Many holes include hazards, namely bunkers (or sand traps), from which the ball is more difficult to play than from grass, and water hazards (lakes, ponds, rivers, etc). Special rules apply to playing balls that come to rest in a hazard which make it highly undesirable to play a ball into one. For example, a player must not touch the ground in a hazard with a club prior to playing a ball, not even for a practice swing. A ball in a water hazard may be played as it lies or may be replaced by dropping another ball outside the water, but a penalty is incurred in the latter case.

The grass of the putting green is cut very short so that a ball can roll over distances of several meters, and "to putt" indeed means to play a stroke on the green where the ball does not leave the ground. The hole must have a diameter of 4 1/4 inches (108 mm) and a depth of at least 4 inches (101.6 mm). Its position on the green is not static and may be changed from day to day. This hole on the green has a flag on a pole positioned in it so that it may be seen from some distance (but not necessarily from the tee). It is also termed "the pin" and a hole is measured from the tee to the pin, usually in yards.

The borders of a course are marked as such, and beyond them is out of bounds, that is, ground from which a ball must not be played. Special rules apply to certain man-made things on the course (obstructions) and to ground in abnormal condition.

Every hole is classified by its par. The par of a hole is defined by the distance from tee to green. Typical values for a par three hole range from 130 to 230 yards (120-210 m), a par four hole from 300 to 475 yards (275-435 m), and a par five hole from 450 to 600 yards (410-550 m). Par is also the theoretical number of strokes that an expert golfer should require for playing the ball into any given hole. The expert golfer is expected to reach the green in two strokes under par (in regulation) and then use two putts to get the ball into the hole. Many 18-hole courses have approximately four par-three, ten par-four, and four par-five holes. The total par of an 18-hole course is usually around 72.

At most golf courses there are additional facilities that are not part of the course itself.
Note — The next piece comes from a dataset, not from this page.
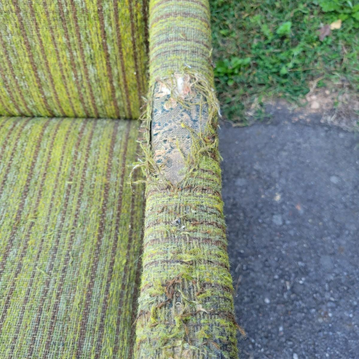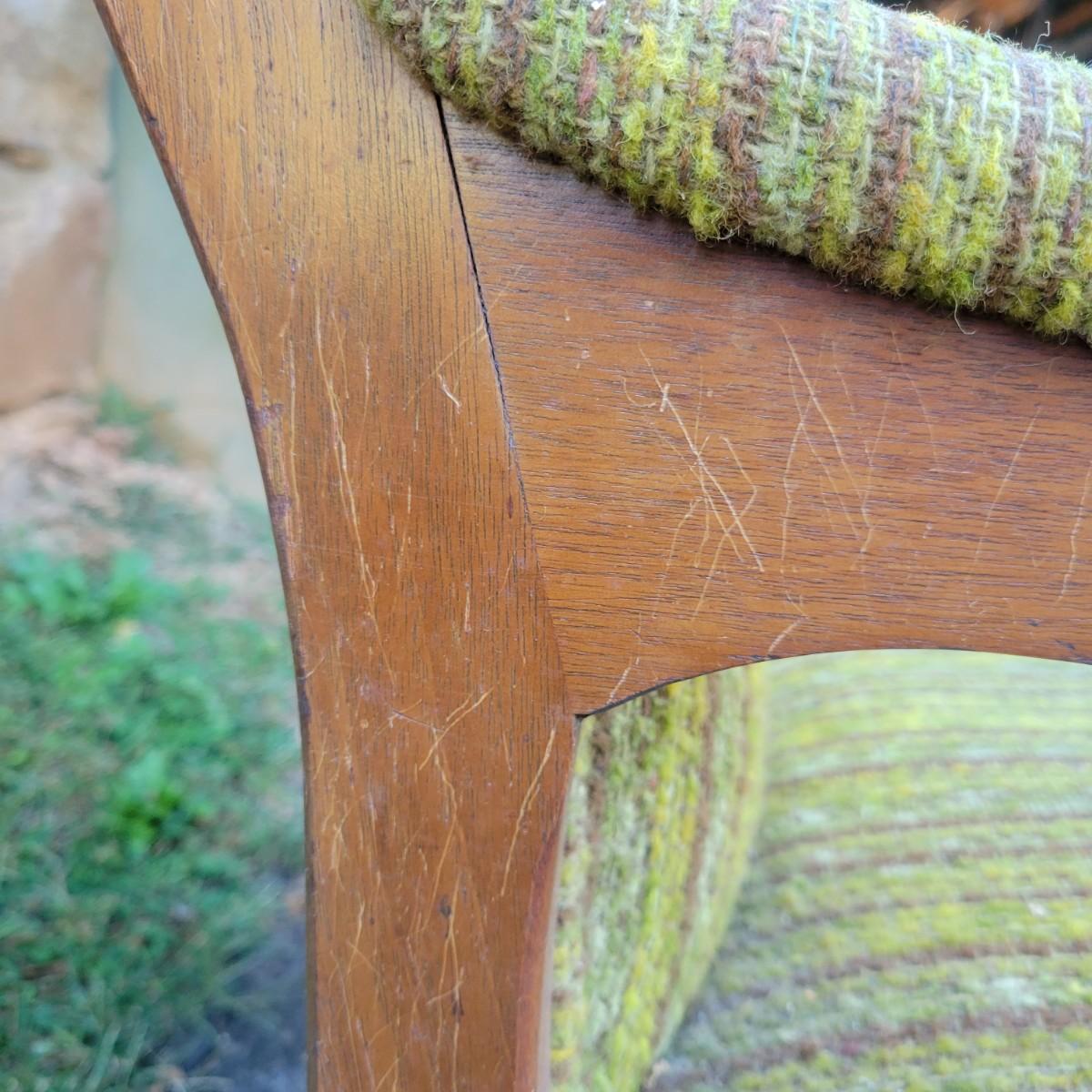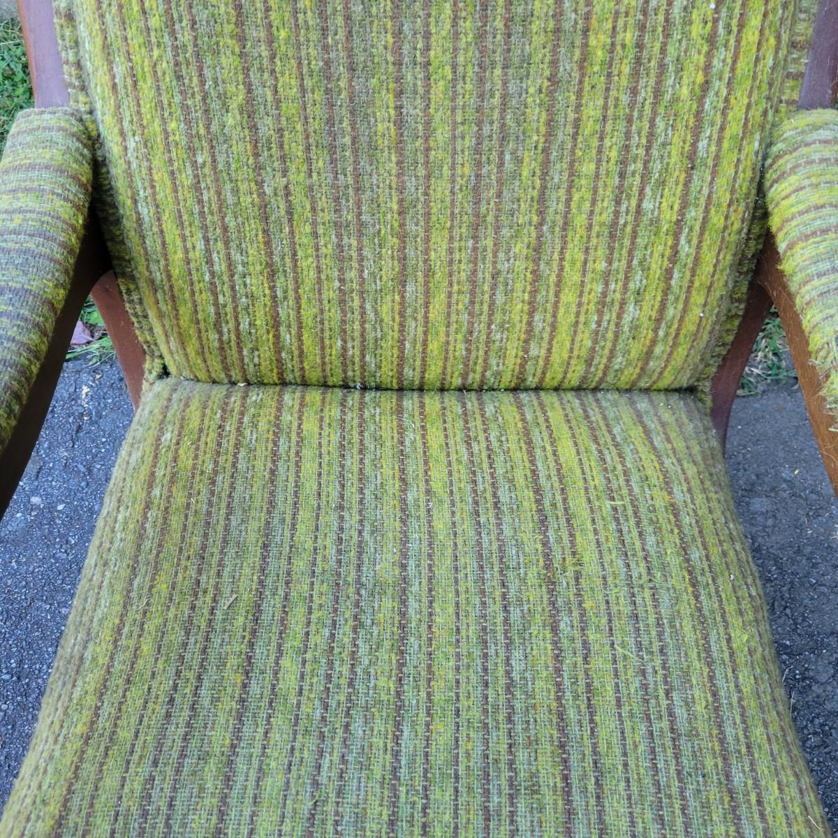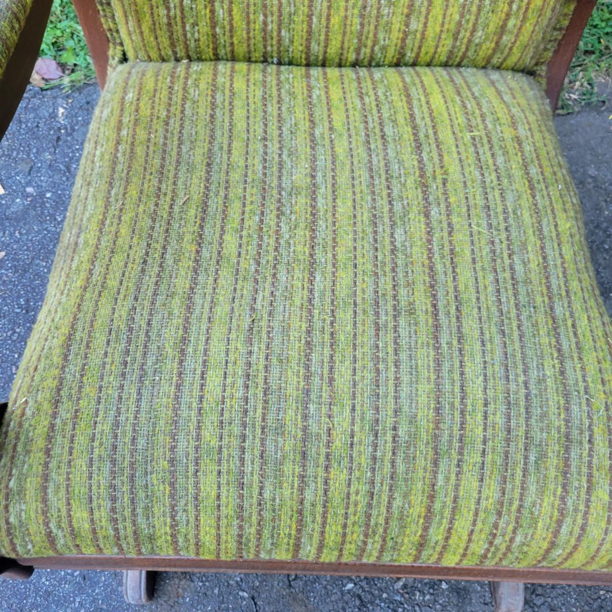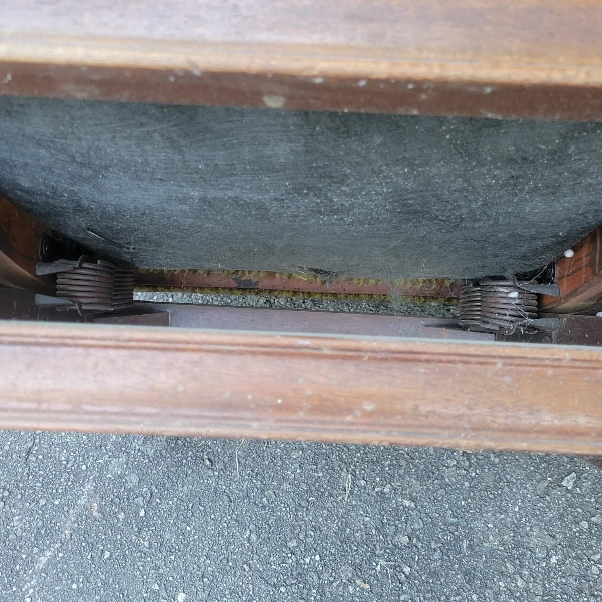 A unique antique rocking chair in fair condition with notable scratches and damage. Rear feet are cracked and repaired or broken off, missing piece is still with the chair. Upholstery also shows significant damage. This chair features beautiful carvings, including swan hands as hand rests and spring driven rocking mechanism. This piece could be restored to make a lovely and unique piece of furniture. Measures approximately 24.5" x 29" x 39" Local pickup only

Often there is a practice range, usually with practice greens, bunkers, and a driving area (where long shots can be practiced). There may even be a practice course (which is often easier to play or shorter than other golf courses). A golf school is often associated to a course or club.

Play of the game
Every game of golf is based on playing a number of holes in a given order. A round typically consists of 18 holes that are played in the order determined by the course layout. On a nine-hole course, a standard round consists of two successive nine-hole rounds.

Players usually walk (or sometimes drive) over the course in groups of two, three, or four, sometimes accompanied by caddies who carry the players' equipment and assist in playing. Each player has to play one ball from the tee to the hole. Once every player has brought a ball into play, it is always he or she whose ball is the farthest from the hole who is to play next. When all players of a group have completed the hole, that player who scored best on that hole has the honor, i.e. the right and duty to tee off first on the next.

Each player acts as marker for one other player in the group, that is, he or she records the score on a score card. In stroke play (see below), the score consists of the number of strokes played plus any penalty strokes incurred.

The two basic forms of playing golf are match play and stroke play. In match play, two golfers (or two teams) play every hole as a separate contest against each other. The party with the lower score wins that hole, or if the scores of both players or teams are equal the hole is "halved" (drawn). The game is won by that party that wins more holes than the other. In stroke play, every player (or team) counts the total number of strokes for a set number of holes and the party with the lower total score wins. There are many variations of these basic principles, some of which are explicitly described in the "Rules of Golf" and are therefore regarded "official".